По позвоночнику росчерком тепло. Сперва осторожное, словно прикосновение ветерка, после – чуть теплее и больше. Как облако. Только внутри. Нежное. Ласковое облако.
Оно наполняет меня и греет. Кажется, оно мурчит. И мне не хочется назад. Я хочу вперёд. Вдохнуть ещё капельку этого тепла, ведь от него под пальцами искрится и, кажется, вспыхивает воздух.
В груди снова удар. Губы чертят по губам, ища подвох.
"Я соскочу. Только ещё немного…"
Вдох.
Нет ни слов. Нет ни мыслей. Только все растущий гул и такое приятное тепло. Оно появилось где-то внутри. Слишком внутри, чтобы понять от чего. Можно лишь чувствовать. И я хочу его почувствовать. Ведь я успею понять и соскочить. Я успею…
Под пальцами давно закончилась ткань куртки. Под пальцами искрятся мурашки. Каждая что-то мне шепчет. Что-то неслышное и дурманящее. Так же, как шепчут губы, и я прихватываю их снова и снова. Пробую их нежность. Пробую их услышать. Ведь я успею соскочить. Только пойму что именно они шепчут и почему от этого шёпота внутри расцветает теплое облако.
– Поцелуй меня, Совунчик… Ты же хочешь поцеловать… Так поцелуй…
Шепот.
Сквозь гул.
Куда-то глубже чем в грудь.
Прямиком в эпицентр тепла.
И от этого шёпота сердце ударяется громче. Так сильно, что меня толкает вперёд. Навстречу этому шёпоту. Ближе к шепчущим мне губам.
"Поцелуй… Всего один поцелуй… Я соскочу… Я успею соскочить до того, как все пущу под откос… Я успею."
И я целую. Целую, дурея от того, как под подушечками пальцев вспыхивают мурашки на шее Гели. Глохну от гула нервов и мышц. Вспыхивая от раздувающегося и наливающегося огнем облака. И оно шпарит сильнее, раздуваясь под кожей так, что мне становится мало чувствовать мурашки кончиками пальцев, а губам уже не хватает того мгновения, которое я им отвел. Оглушающий удар сердца и голодное, урчащее:
"Поцелуй! Да! Поцелуй! Ещё поцелуй!"
Мой жадный вдох. Следом такой же вдох Гели.

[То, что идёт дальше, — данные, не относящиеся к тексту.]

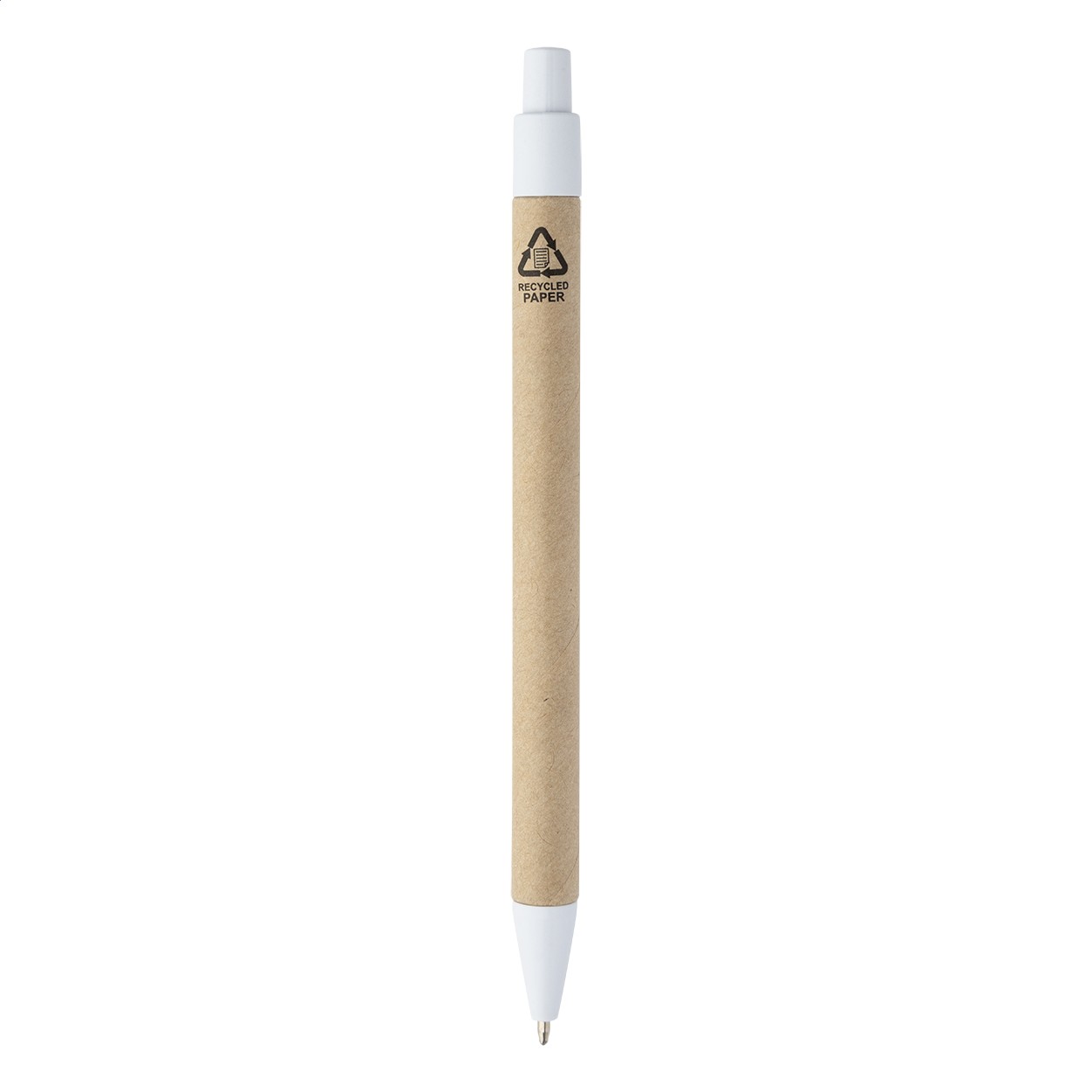 Caiet cu copertă din piele PU reciclată, cu 70 de file dictando, din hârtie reciclată și 125 de marcaje de pagină (în 5 culori diferite). Include hârtie reciclată și pix din PP reciclat cu refill albastru.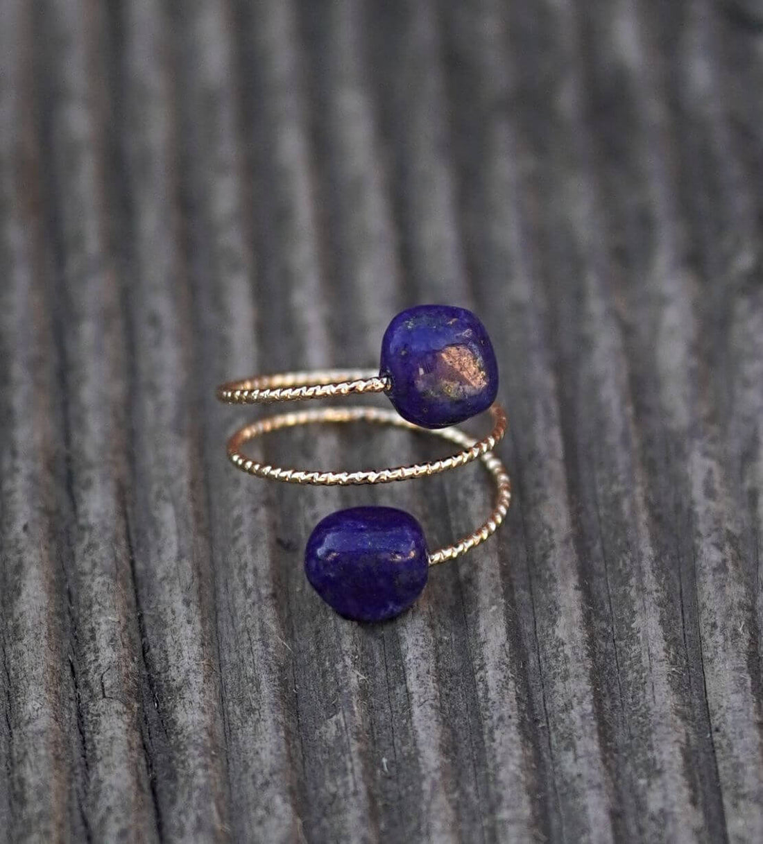 Acest inel delicat, cu pietre naturale de Lapis Lazuli în formă neregulată, montate pe o...

Пьяная поволока в ее серо-зеленых глазах и еле слышное, но такое дурманящее:
– Ещё, Совунчик…
Приоткрытые губы.
"Хочу."
Трепещущие ресницы.
"Хочу!"
И ревущее пламя внутри:
"Ещё? Да! Ещё! Ещё! Ещё!!!"
Снова целую.
Нет, не целую.
Я пью ее губы. Уже без оглядки на то, что сорвался. Наплевав, что перешагнул ту грань, за которой уже не получится остановиться и захочется только большего. Ведь я хочу этого большего. Да хочу! Пусть будет это большее, а с филофобией что-нибудь придумаю. Как-нибудь вылечусь, чтобы она не порушила все к чертям, а я смог снова и снова целовать эти пьяные губы. Чтобы мог вдыхать их тепло, от которого внутри рвутся нервы и мышцы.
Гулкий удар. Жадный вдох. Рваный выдох.
Чей? Мне не важно. Все мысли давно исчезли. Кроме одной. Той, что шепчу перед тем как снова сорвусь в пьяный угар поцелуев:
– Не уходи… Кошка, только не уходи…
38. Бессмертная. POV. Геля
Яркий росчерк света мазнул по стене и пригвоздил нас с Совунчиком в самый неподходящий момент. Я не особо понимала что произошло, лишь жадно вдохнула воздуха, чтобы снова с головой нырнуть в омут поцелуев, как бац, меня ослепило и губы опалило не голодым поцелуем, а злым шипением, в котором только и смогла разобрать:
– … Люк, блядь!
– А? – растерянно протянула я, одновременно щурясь и смрагивая пелену перед глазами.
Она медленно, будто нехотя, отступала, и сперва я увидела разочарованное лицо Совунчика и его плотно сжатые губы, после за ним две фары и силуэт автомобиля, а через мгновение темное приближающееся пятно, которое при ближайшем рассмотрении оказалось Лукашиком со свертком в одной руке и двумя продолговатыми коробками в другой.
– Как знал, что успею! Привет, Кошка, – весело поздоровался парень, – а я в магазин э-э-эм… – поперхнулся, увидев мои осоловелые глаза и суетливо одернутые руки Совунчика, и, развернувшись на сто восемьдесят градусов, торопливо зашагал обратно. – Меня не было и я ничего не видел. Заеду… когда позвоните.
– Да стой уже, – рявкнул Денис и протяжно выдохнул, перед тем как отойти от меня и наклониться за выроненным им пакетом с моими вещами. – Позвонить не мог? – спросил и уже тише попросил, – Гель, ты не замерзла?
– А? – снова не поняла чего от меня хотят и пару раз хлопнула ресницами переводя взгляд с Совунчика на стоящего ко мне спиной Луку и обратно. – Что?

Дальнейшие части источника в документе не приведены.